GME Research Review is a monthly newsletter where internationally recognized experts select, summarize, and provide a clinical commentary on the latest published research in psychiatry. Each summary has been derived from the relevant article’s abstract and the clinical commentary has been provided by our expert.

 

Issue 33, December 2014: Guest Commentator - Diana O. Perkins, M.D., MPH, Professor of Psychiatry, University of North Carolina School of Medicine

 

Biological insights from 108 schizophrenia-associated genetic loci.
Schizophrenia Working Group of the Psychiatric Genomics Consortium
Nature. 2014 Jul 24;511(7510):421-7. doi: 10.1038/nature13595. Epub 2014 Jul 22.

 

Objective:
This study aimed to identify regions of the genome that contained common schizophrenia risk genes. 

 

Methods: 

DNA is made of nucleotide bases (Adenine, Thymine, Cytosine, Guanine).

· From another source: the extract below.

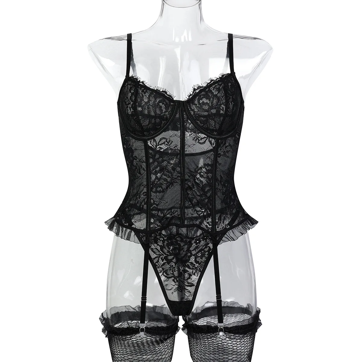 Good Price Women Sexy Lace Lingerie Black Sheer Women Sexy Lace Bodysuit Lingerie With Stocking

DNA is double-stranded, with A pairing with T, and G pairing with C. Every ~300 bases there is a common variation, called a single nucleotide polymorphism (SNP).  For common variants, about 5-50% of people with have one of the pairs and about 50-95% of people will have the other pair at that genomic location.

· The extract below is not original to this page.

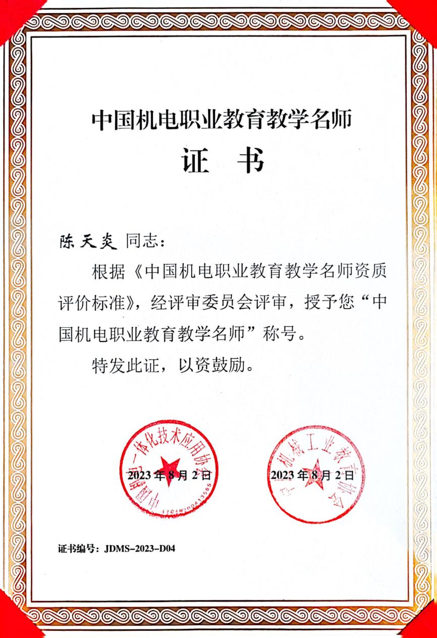 近日,中國機(jī)電一體化技術(shù)應(yīng)用協(xié)會(國家一級協(xié)會)、中國機(jī)械工業(yè)教育協(xié)會(國家一級行業(yè)協(xié)會)聯(lián)合發(fā)布通報,公布2023年中國機(jī)電職業(yè)教育教學(xué)名師名單,福建船政交通職業(yè)學(xué)院軌道交通學(xué)院院長陳天炎老師榮獲“中國機(jī)電職業(yè)教育教學(xué)名師”稱號,表彰其在全國機(jī)電職業(yè)教育領(lǐng)域做出了突出貢獻(xiàn)。

A genome-wide association array study (GWAS) compared the frequency of 9.5 million common SNP variants in 36,989 persons with schizophrenia and 113,075 unaffected persons. Because so many comparisons are being made, the investigators required that the differences in frequencies between schizophrenia and unaffected persons have a probability less than 1x10-6 of being a chance finding.

Linkage refers to the fact that SNPs that are in close proximity are inherited as a unit, called a “haplotype”.  The actual size of the haplotype varies with ancestry. In this study care was taken to ensure that the analysis was not biased by ancestry or other population stratification.

To understand the functional importance the investigators identified SNPs that could possibly impact the protein structure, and also used a method called “expression quantitative trait loci” (eQTL) analysis that examined if the SNPs associated with schizophrenia actually impacted gene expression.

 

Results: 

There were 108 genomic regions with significantly different proportions of SNP variants in schizophrenia compared to unaffected persons. 

The differences between groups was relatively small, with the almost all of the SNP variants between 6%-10% different in frequency between groups. 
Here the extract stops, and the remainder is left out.